» Source data
>>>
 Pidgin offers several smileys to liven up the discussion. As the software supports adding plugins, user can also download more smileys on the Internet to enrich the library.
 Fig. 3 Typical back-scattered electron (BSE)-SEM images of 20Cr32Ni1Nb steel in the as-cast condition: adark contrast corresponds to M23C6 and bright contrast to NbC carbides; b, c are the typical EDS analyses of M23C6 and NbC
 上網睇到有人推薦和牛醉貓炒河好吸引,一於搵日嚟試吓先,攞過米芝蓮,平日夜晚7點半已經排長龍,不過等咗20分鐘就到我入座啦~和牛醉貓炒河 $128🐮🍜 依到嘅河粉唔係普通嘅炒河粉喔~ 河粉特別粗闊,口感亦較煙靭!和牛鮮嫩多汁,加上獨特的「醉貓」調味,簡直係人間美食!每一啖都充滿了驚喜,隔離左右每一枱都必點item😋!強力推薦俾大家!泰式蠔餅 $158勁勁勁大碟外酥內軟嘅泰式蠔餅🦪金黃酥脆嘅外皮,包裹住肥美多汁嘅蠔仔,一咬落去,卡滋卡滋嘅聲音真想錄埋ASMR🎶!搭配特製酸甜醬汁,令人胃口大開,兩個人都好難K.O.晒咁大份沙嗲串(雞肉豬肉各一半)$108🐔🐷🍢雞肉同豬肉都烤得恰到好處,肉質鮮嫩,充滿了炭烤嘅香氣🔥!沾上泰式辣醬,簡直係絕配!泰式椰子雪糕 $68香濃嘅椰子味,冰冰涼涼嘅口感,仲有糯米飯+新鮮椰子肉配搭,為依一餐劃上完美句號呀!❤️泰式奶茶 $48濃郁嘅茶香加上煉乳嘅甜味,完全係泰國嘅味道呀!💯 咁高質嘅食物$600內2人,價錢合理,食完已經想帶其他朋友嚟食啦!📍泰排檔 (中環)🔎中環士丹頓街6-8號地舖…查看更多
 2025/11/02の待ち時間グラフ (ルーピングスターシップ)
<<<
>>>
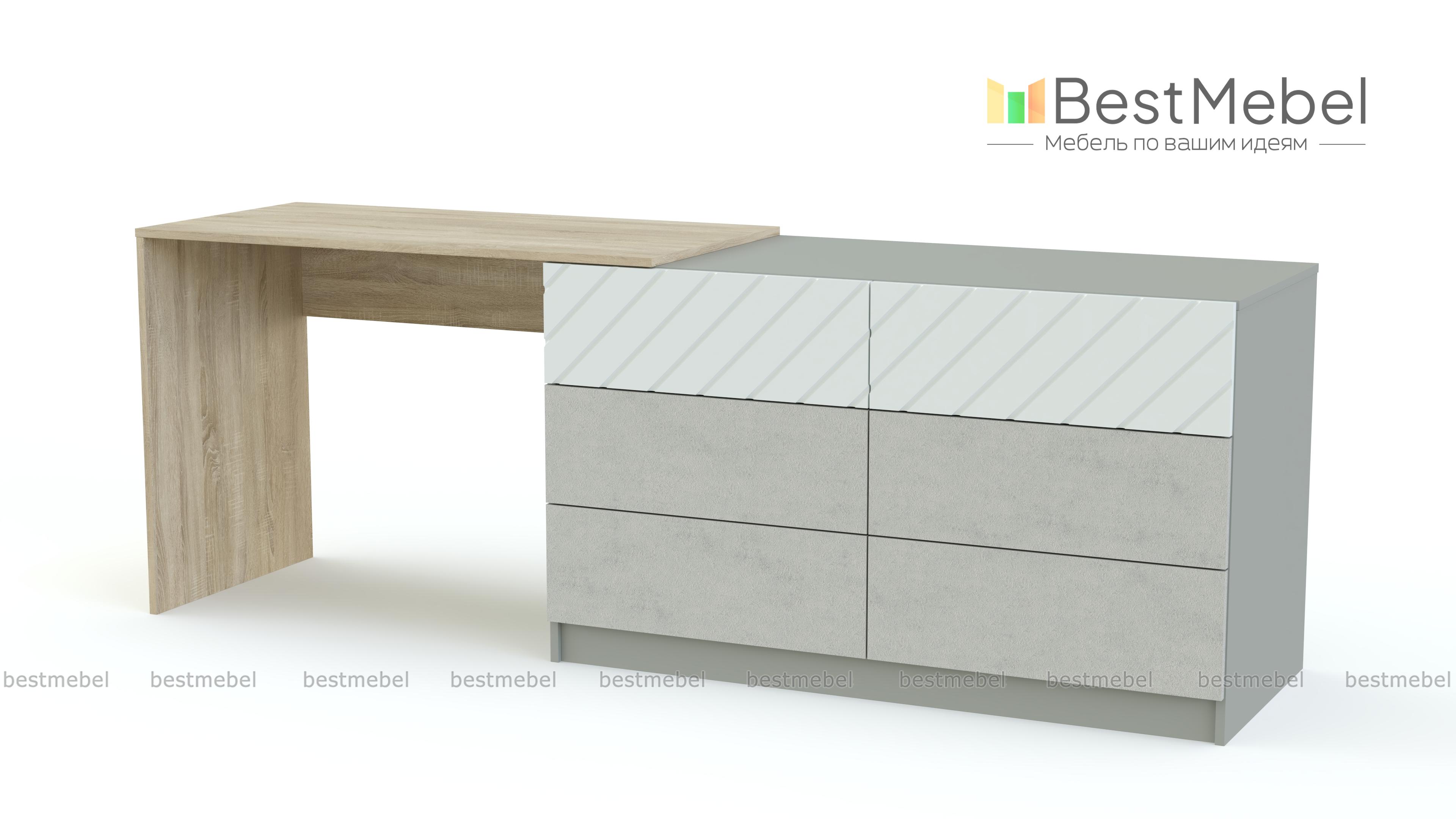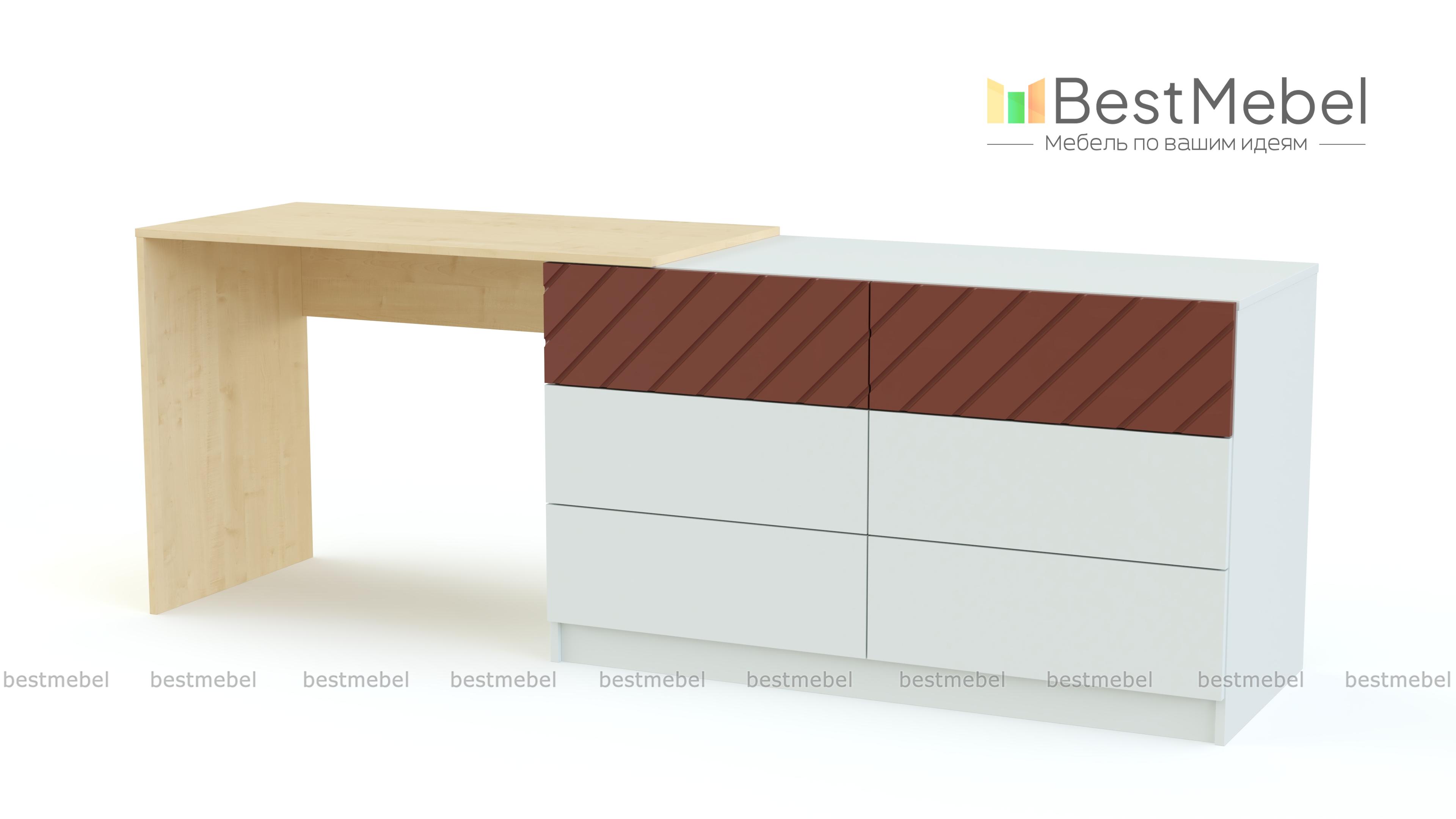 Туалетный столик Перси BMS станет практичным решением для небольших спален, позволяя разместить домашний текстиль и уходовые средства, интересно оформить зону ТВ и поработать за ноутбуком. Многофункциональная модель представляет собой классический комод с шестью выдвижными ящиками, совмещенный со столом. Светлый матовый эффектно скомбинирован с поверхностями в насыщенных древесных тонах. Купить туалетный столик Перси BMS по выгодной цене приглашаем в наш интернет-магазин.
<<<
» Work order
Print the lines above from the one with "Pidgin offers several" through the one with "Fig. 3 Typical", both included, exactly as written and nothing more.

» Result below
 Pidgin offers several smileys to liven up the discussion. As the software supports adding plugins, user can also download more smileys on the Internet to enrich the library.
 Fig. 3 Typical back-scattered electron (BSE)-SEM images of 20Cr32Ni1Nb steel in the as-cast condition: adark contrast corresponds to M23C6 and bright contrast to NbC carbides; b, c are the typical EDS analyses of M23C6 and NbC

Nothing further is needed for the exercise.